Visualizing Information Retrieval Results: A Demonstration of the TileBar Interface

Marti A. Hearst Jan O. Pedersen

Xerox Palo Alto Research Center
3333 Coyote Hill Road
Palo Alto, CA 94304 USA
(415) 812-4742
{hearst,pedersen}@parc.xerox.com

ABSTRACT

The TileBars interface is a graphical tool for users of information access systems, that shows the relationship between the terms in a query and the documents that are retrieved in response to that query. TileBars simultaneously and compactly indicate relative document length and query term overlap, frequency and distribution. The patterns in a column of TileBars are meant to help users make fast judgments about the potential relevance of the retrieved documents. An unexpected benefit of the interface is that because it requires users to specify their queries as a list of topics, better rank orderings can be obtained than with standard information retrieval ranking mechanisms.

Keywords

Information retrieval, Information Access, Full-length text, Visualization.

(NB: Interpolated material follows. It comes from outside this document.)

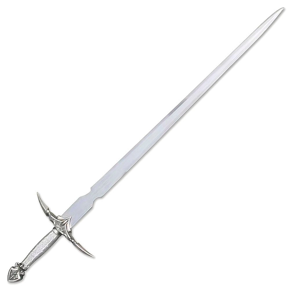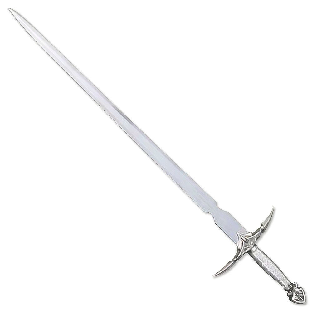 The hilt is where fantasy truly comes alive—elaborately sculpted with intricate motifs, it includes an ornate crossguard with sweeping, claw-like curves and a rune-etched handle that reflects ancient power. The pommel complements the sword’s aggressive, otherworldly aesthetic, making it a stunning centerpiece in any collection.

Note: A longer version of this videotape appeared in the video proceedings of the International Joint Conference of Artificial Intelligence (IJCAI) 1995.

THE TILEBAR INTERFACE

Information Access research at Xerox PARC focuses on amplifying the users' cognitive abilities, rather than trying to completely automate them. This framework emphasizes the participation of the user in a cycle of query formulation, presentation of retrieval results, and query reformulation. The information presented is typically not document descriptions, but rather intermediate information that indicates relationships between the query and the retrieved documents. We have developed information access tools intended to supply some of this functionality. This video demonstrates one of these, called TileBars [3].

In a typical information retrieval system, documents satifying the query are returned and are rank-ordered according to some function of the number of hits for each term [5]. We argue that this kind of ranking is opaque to the user, in part because it is not clear how well each term is represented in the retrieved documents.

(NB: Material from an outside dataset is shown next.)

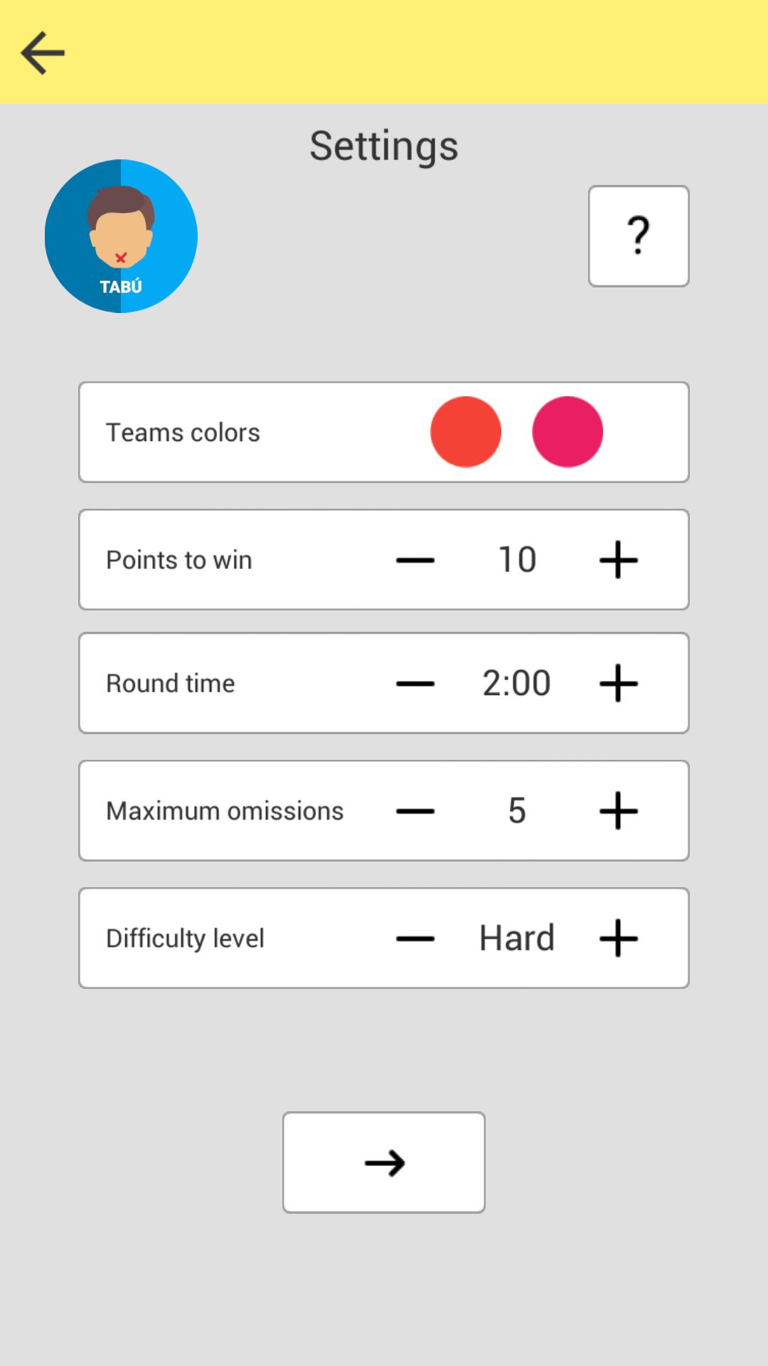 禁忌:小組比賽。團隊的球員猜測隊友描述的單詞。不能使用禁止的單詞或手勢。首先獲得固定命中率的球隊。

By contrast, the TileBars graphical interface allows the user to make informed decisions about which documents and which passages of those documents to view, based on the distributional behavior of the query terms in the documents. The goal is to simultaneously and compactly indicate (i) the relative length of the document, (ii) the frequency of the term sets in the document, and (iii) the distribution of the term sets with respect to the document and to each other.

The TileBar interface requires the user to type queries into a list of entry windows. Each entry line is called a termset since it is intended to contain a set of terms representing one topic. Typically, the query is treated as a conjunction of topics, and the topics are listed in order of importance.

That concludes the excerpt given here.